To explore relationships between the compound antibody and T cell responses, we leveraged statistical and ML predictive models. We trained and validated predictive models classifying negative and positive antibody response based on T cell measurements. ML analysis was performed in the Python programming language (version 3.8.8) (12) and in the R programming language (version 4.2.2) (13). We performed binary classification using the (i) logistic regression (LR) (14) as implemented in the scikit-learn library (version 0.24.1) (15), and (ii) gradient boosting (GB) (16), as implemented in the XGBoost library (version 1.3.3) (17). GB was considered in addition to the LR due to its ability to model nonlinear relationships without extensive feature engineering and transformation. No hyperparameter tuning was performed for GB, and default hyperparameter values were used to avoid overfitting. Features, aka predictors or explanatory variables, were given by T cell measurements expressed as (i) #, (ii) %, and (iii) MFIs, or a combination thereof.

Model evaluation and comparison

The predictive performance of models was evaluated using stratified bootstrapped train-test split. In this procedure, the dataset was resampled with replacement 1,000 times. For every bootstrap resample, the resampled dataset was split into the train (80%) and test (20%) sets, stratified by the response variable, and a predictive model was trained and tested. Test set performance was aggregated across the bootstrap resamples, and empirical confidence intervals (CI) were constructed. The bootstrapping (18) was performed to construct more conservative confidence intervals and was preferred to repeated train-test splits, standard in the ML literature, since the latter might produce misleading CIs and significance (19). To compare different predictive models, we used areas under the receiver operating characteristic (AUROC) and precision-recall (AUPRC) curves (20) computed on held-out test data. In addition, we evaluated the models’ balanced accuracy (BA) (11), sensitivity, and specificity by considering a threshold of 0.5 on predicted probabilities. The latter evaluation metrics are reported in Supplementary Table 6.

ResultsDescriptive statistics of the cohort and primary serology data

The descriptive statistics of the total number of 2,911 participants of the CoV-ETH study and the subgroup used in this study are shown in Table 1. Overall, the cohort is young (50% of participants younger than 30) and healthy (>90% of participants without any underlying cardiovascular risk factors). In May 2020, we found 4% of seropositive cases, which is in line with the reported numbers in Geneva in April 2020 (21). Interestingly, more than 80% of seropositive participants had no prior history of COVID-19 symptoms and therefore are considered asymptomatic, while 20% of individuals exhibited mild to moderate disease symptoms.

We next assessed the antibody titers against RBD, S1, S2 and N in the plasma of 165 donors, including 96 seropositive, and 69 randomly chosen donors displaying antibody levels below all positivity thresholds, and thus considered as seronegative (Figure 1). Thirty-one donors that, based on RBD measurements, were initially included in the study, were subsequently excluded because of a false-positive RBD cross-reactive signal. The cross reactivity was identified through a lack of additional seropositivity for S1, S2 or N and an absence of RBD decay over a period of 1 year. Finally, 65 individuals were identified as seroconverted. The details related to the distinct antibodies of the individual participants are shown in Supplementary Figure 3.
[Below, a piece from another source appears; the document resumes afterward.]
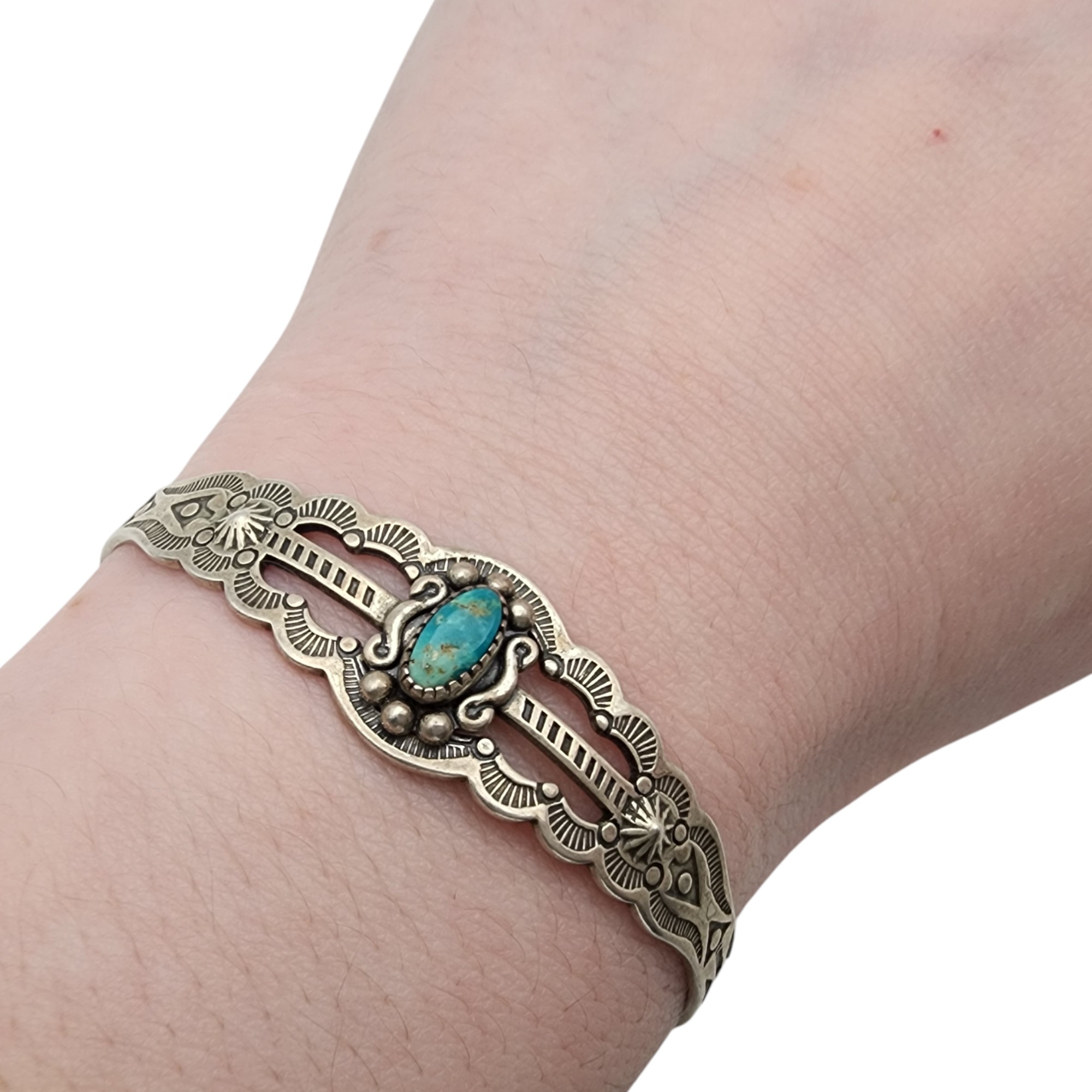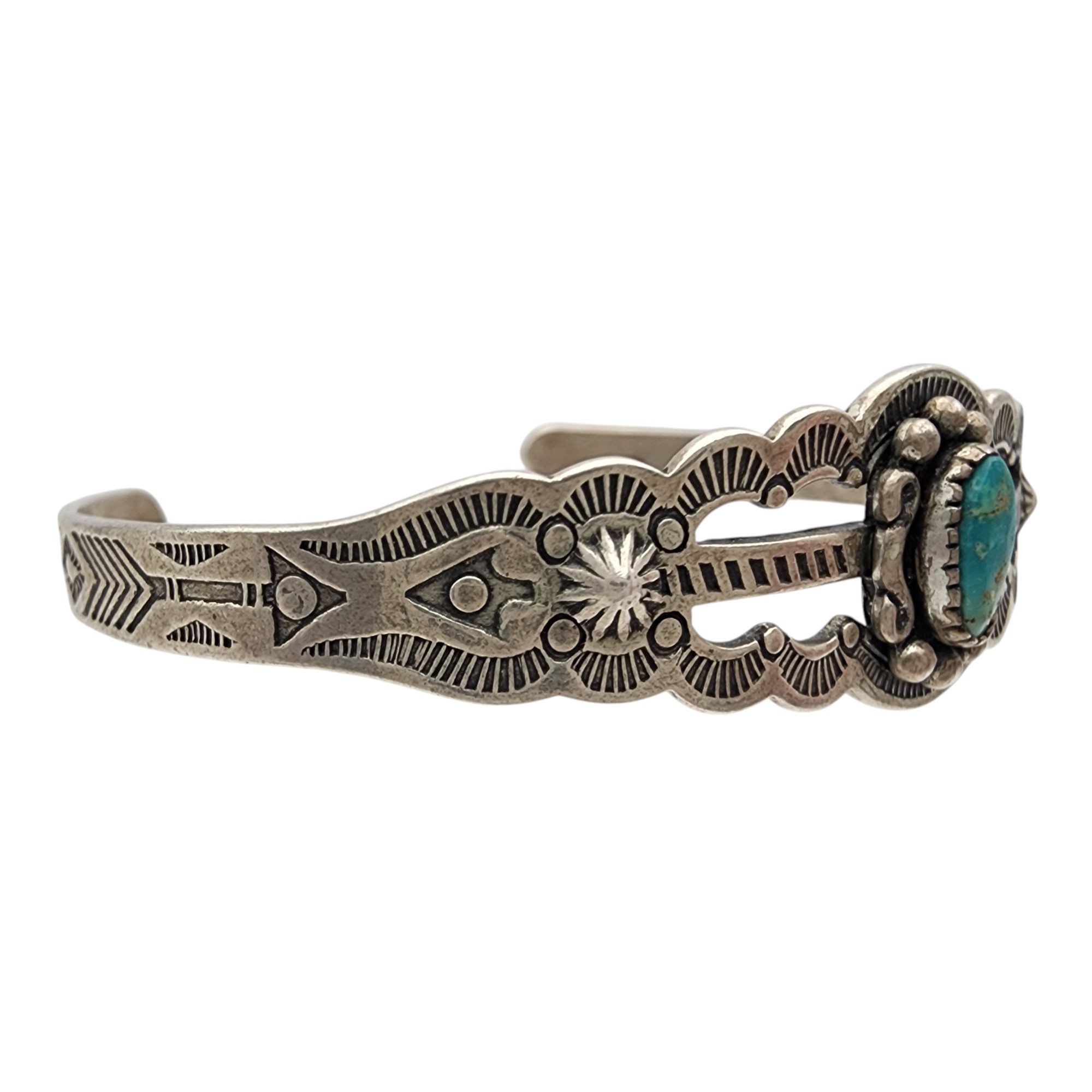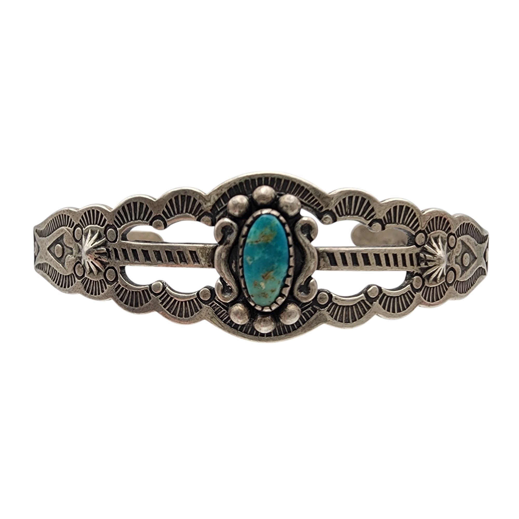 Pacific Jewelry Co. Sterling Turquoise Stamped Cuff Bracelet, 8.1g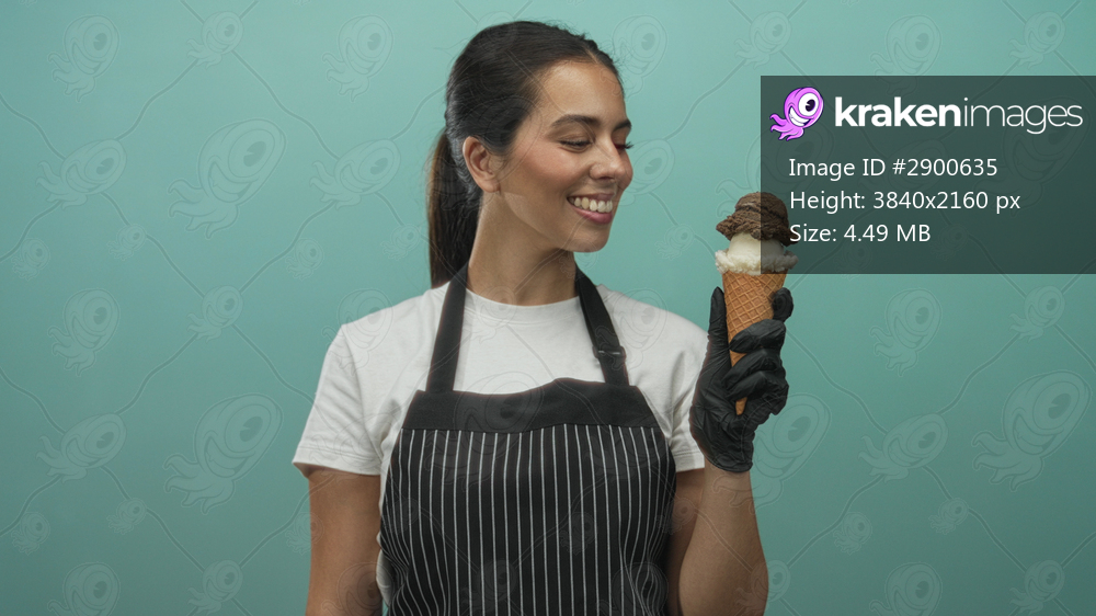 Woman brunette in apron holding an ice cream cone in a gloved hand and smiling at it in a studio with turquoise backdrop; sweet joy.

Basic exploratory data analysis

T cell responses were assessed by stimulating isolated PBMCs with SARS-CoV-2 protein-derived peptide pools and by determining frequencies of reacting T cells via flow cytometry. We (i) evaluated whether flow cytometry read-out alternatives were impacted by normalization strategies accounting for background noise, (ii) assessed the test specificity and (iii) determined the repeatability of the measurements. A considerable proportion of measurements resulted in numerically negative values after normalization (Supplementary Figure 4), a procedure that is strongly recommended to account for background noise, particularly in a low-input PBMC setting. We found that the general stimulation of T cells did not lead to a spurious association with humoral antibody status against SARS-CoV-2. Lastly, there was considerable variation for the cytokine assays measuring T cell responsiveness, especially in the negative control stimulation, due to only few cells per target quadrant (Supplementary Table 4). Nevertheless, all variances were lower than the differences between the infected and non-infected individuals found later. The detailed analysis can be found in the Further Results Supplementary section.
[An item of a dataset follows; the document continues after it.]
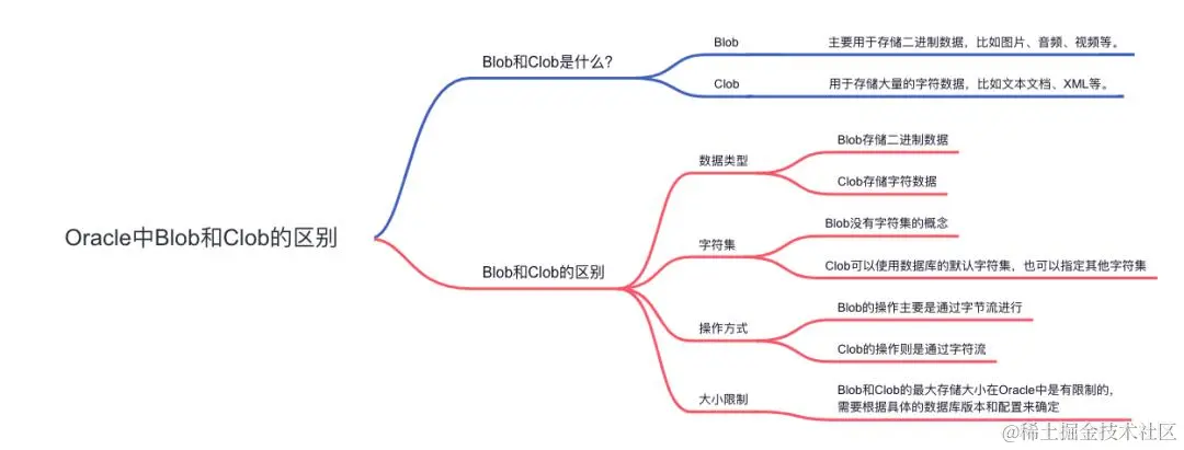 - 数据类型: Blob存储二进制数据,而Clob存储字符数据。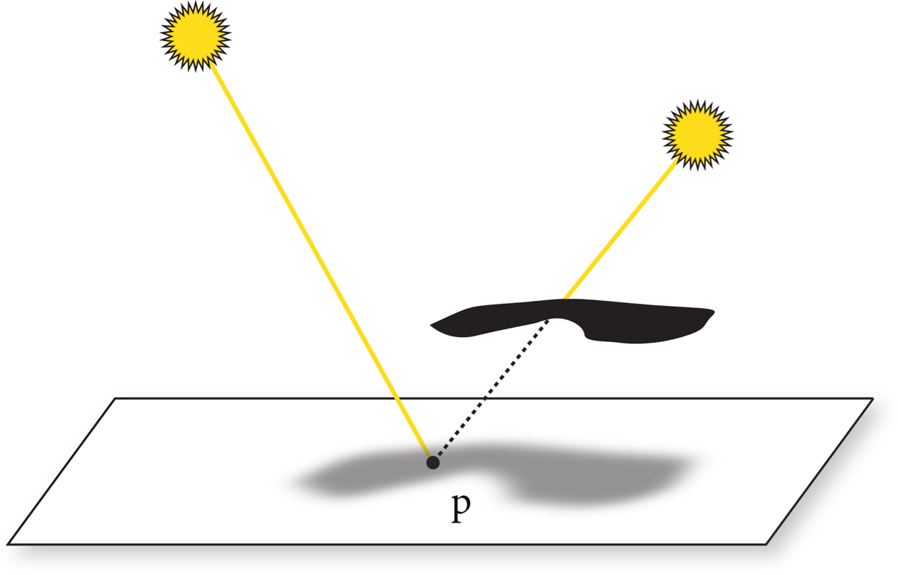 Visibility: In order to know whether a given light deposits energy at a point on a surface, we must know whether there is an uninterrupted path from the point to the light source. Fortunately, this question is easy to answer in a ray tracer, since we can just construct the ray from the surface to the light, find the closest ray–object intersection, and compare the intersection distance to the light distance.

B and T cell responses against SARS-CoV-2 proteinsCorrelation analysis

To assess associations between antibody and T cell responses we initially performed a Pearson’s correlation analysis displayed in Figure 2. Figure 2A shows correlations among humoral and cellular parameters at time points t1 and t2 for CD3, CD4 and CD8 T cells. Figure 2B provides correlation analysis results for different stimulating peptides of CD4 cells. The analysis of multiple populations of circulating T cells reactive to SARS-CoV-2 revealed specific responses in the total CD3 T cell compartment, as well as the CD4 and CD8 T cell subsets in response to peptide pools covering S1, S2 as well as the N and M proteins. We found a high correlation of frequency of responding CD3 and CD4 T cells against the different respective peptide pools between t1 and t2, indicating that SARS-CoV-2 induces a stable cellular immune response over four months. Cytokine production of IFN-γ, TNF and CD154 correlated strongly in CD4 T cells within and between t1 and t2. Stimulation of CD8 T cells resulted in IFN-γ and TNF release, which showed a positive correlation within t1 and t2 and between these time points. Furthermore, there was a high correlation of IL-2 production between CD3, CD4 and CD8 T cells at t1, which largely disappeared at the later time point t2, demonstrating that the IL-2 response was short-lived.
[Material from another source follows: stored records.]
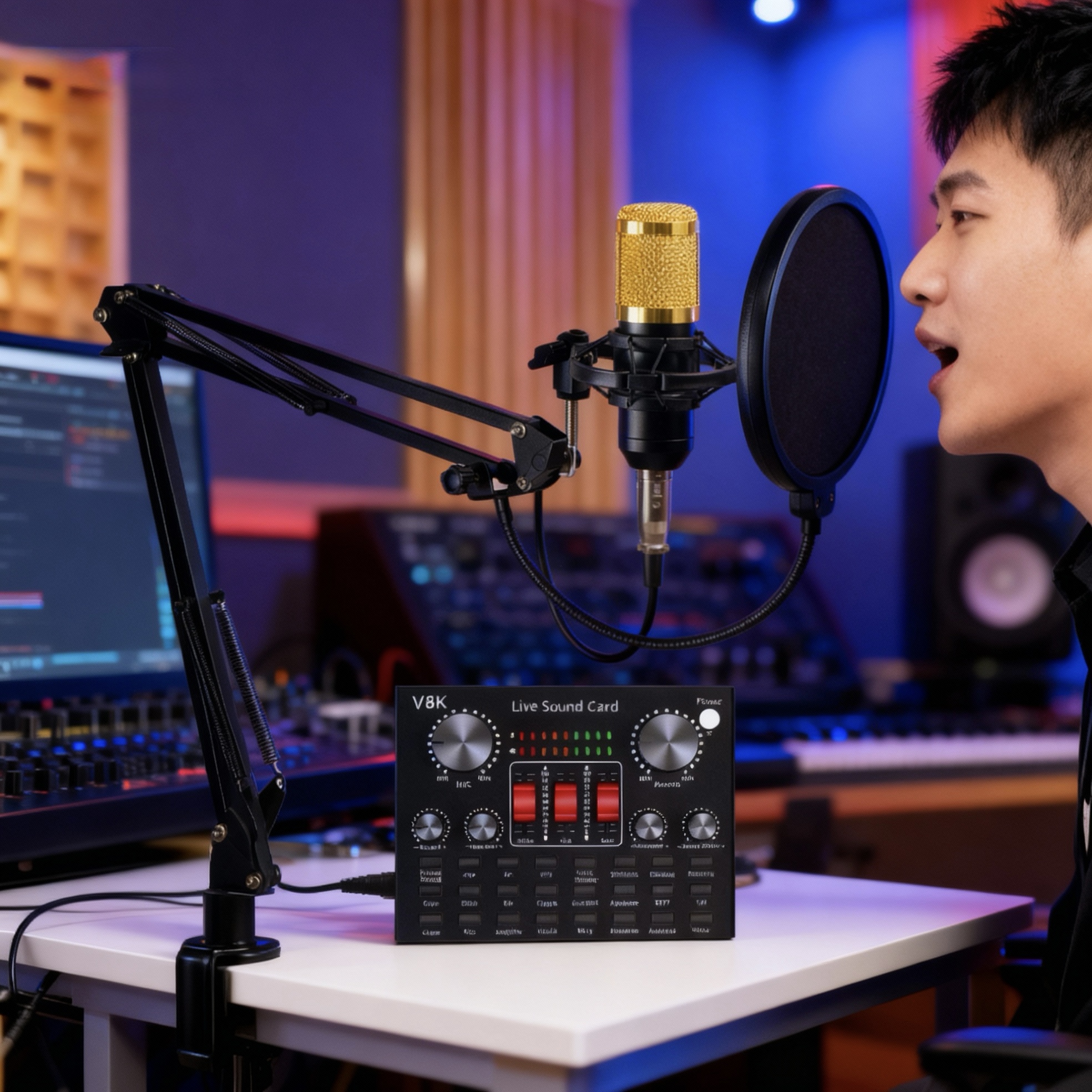 کارت صدای V8K یکی از محبوبترین کارتهای صدا برای کاربران خانگی و تولیدکنندگان محتواست. این کارت صدا با داشتن دکمههای افکت و کنترل صدا، تجربهای جذاب و حرفهای به شما میدهد.
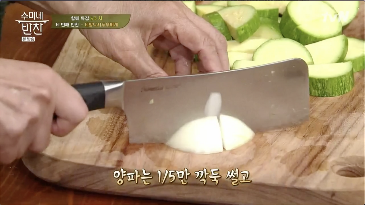5. 이제 두부찌개 맛있게 끓이는법 황금레시피 부재료를 손질할 차례인데요, 애호박 먼저 손질합니다. 애호박은 반달 모양으로 썰어주세요.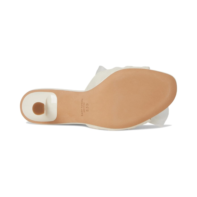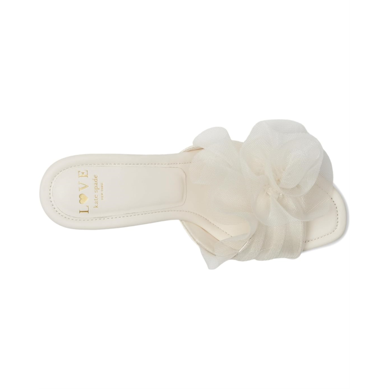 - Up your footwear game adding this Kate Spade New York Flourish slip-on to your collection. It has leather upper with a 3D flower strap and slide on style. Lined with leather the slip on features open toe, leather insole and wedge platform.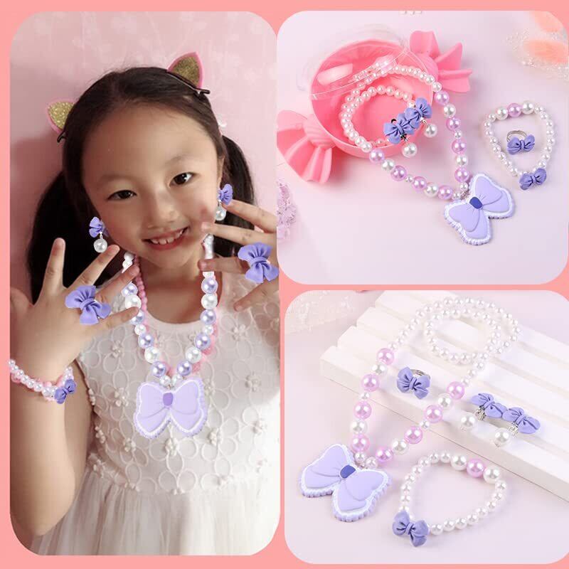 [AAGWW] 子供アクセサリー キャラクター新モデル 真珠ブレスレット ペンダントネックレス 耳留めセット キット おもちゃ 女の子 子供 クリスマスプレゼント ブレスレット 腕輪 ペンダントセット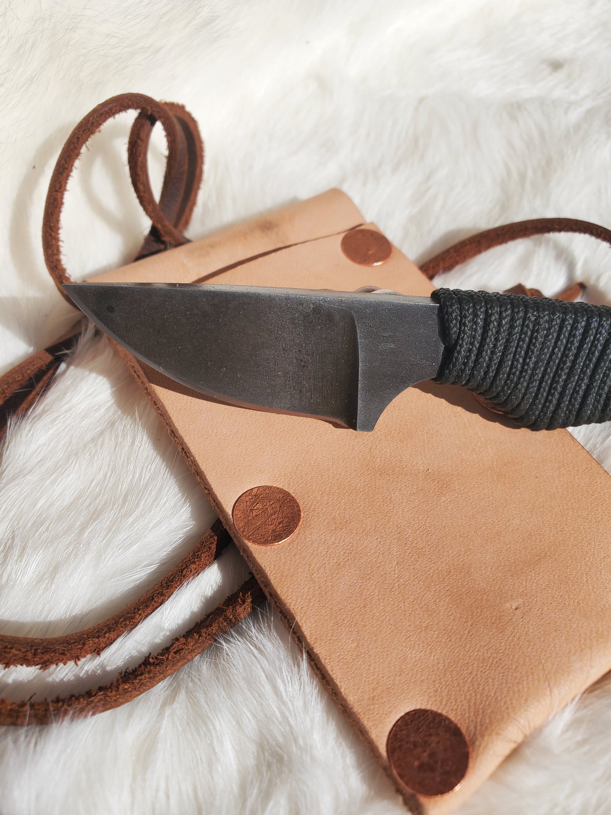 Reliable Edc made of 1080 steel that fits comfortably in its sheath around your neck. Perfect little 3 finger Edc or makes a great first knife.

When searching for associations between humoral and T cell responses to SARS-CoV-2 infection, we found moderate correlations of RBD and S1 with CD4 T cells for all cytokines at t1. However, this correlation was lost at t2. A positive correlation of nAb was only detected with IL-2 production in CD3, CD4 and CD8 T cells at t1. This association however was also lost at t2, most likely due to a faster decay of RBD/S1 antibodies. We observed almost no correlations between CD4 and CD8 T cells, neither between nor across time points t1 and t2. A greater correlation of CD4 T cells across t1 and t2 than for CD8 T cells may suggest that CD4 T cells have a longer half-life.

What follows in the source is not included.